Typical Feed to 2nd StageTypical Feed to FCCAPI Gravity28-3321-25Sulfur, ppm<50<2000Nitrogen, ppm1-5 50-200TBP 95% Point,950-1050 (510-566)1050-1350 (566-732)° F. (° C.)
Further, this configuration is operated essentially as a full conversion zone. This means the bottom or residuum fractions are all converted in the hydrocracking units. This requires more catalyst which, in turn, requires larger reactors to be built and placed into service, adding substantial cost to the construction and operation of the hydrocracking train, both 1st and 2nd stage. In addition, more hydrogen is required to operate these larger hydrocracking units, in view of the higher severity operations, adding to the operating costs for the refiner.
Finally, because this configuration is operated as a full conversion zone, the 1st stage hydrocracking unit must be operated at high severity in order to reduce the nitrogen, sulfur and PNA to concentrations low enough for the 2nd stage to hydroprocess without deactivation. This results in shorter catalyst lifetimes and unit fouling.
Accordingly, there is a current need for a two-stage hydrocracking process capable of producing middle distillates that have reduced nitrogen, sulfur content, while simultaneously producing a 900° F.+ (482° C.+) HVGO stream useful as a feedstock to fluidized catalytic cracking unit.
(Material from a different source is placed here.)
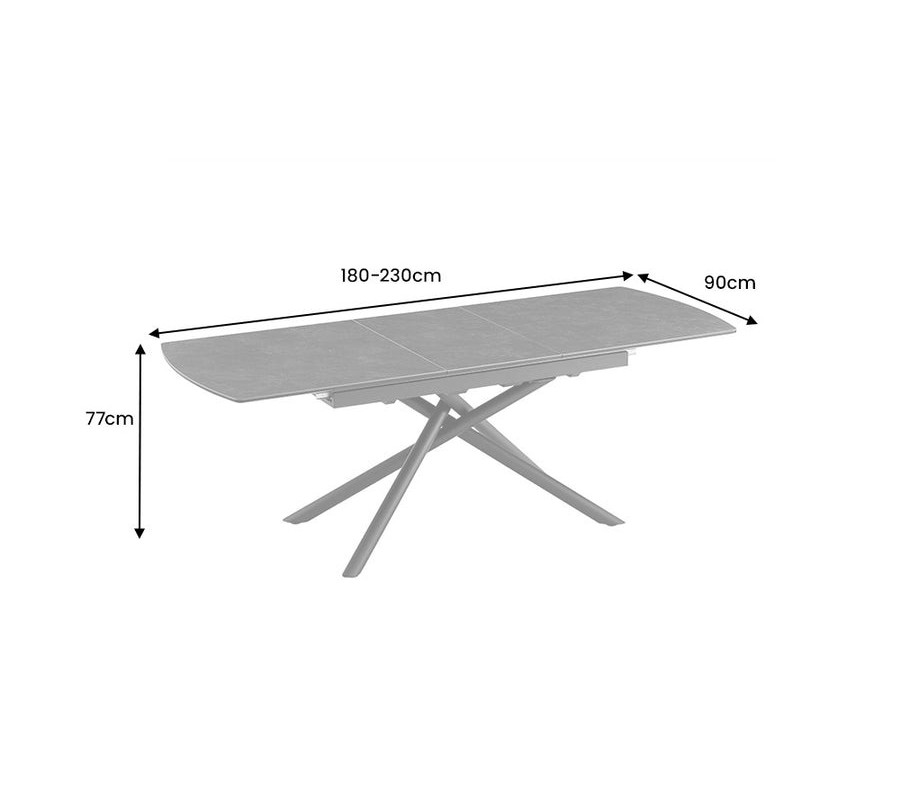 Mechanizmus rozkladania je skrytý pod doskou – ide o praktický synchronizovaný systém, vďaka ktorému stačí potiahnuť jednu stranu a druhá sa automaticky rozšíri. Vkladacia časť je uložená v strede a umožňuje rýchle a jednoduché predĺženie dosky zo 180 cm na až 230 cm. V základnej veľkosti pohodlne usadí 6 až 8 osôb, po rozložení poskytne priestor pre 8 až 10 hostí.

There is also a current need for a two-stage hydrocracking process which utilizes less hydrogen than a conventional two-stage hydrocracking process, and which can be operated under less severe conditions than a standard two-stage hydrocracking process, thereby reducing the amount of hydrocracking catalyst and hydrogen needed to achieve the target product specifications.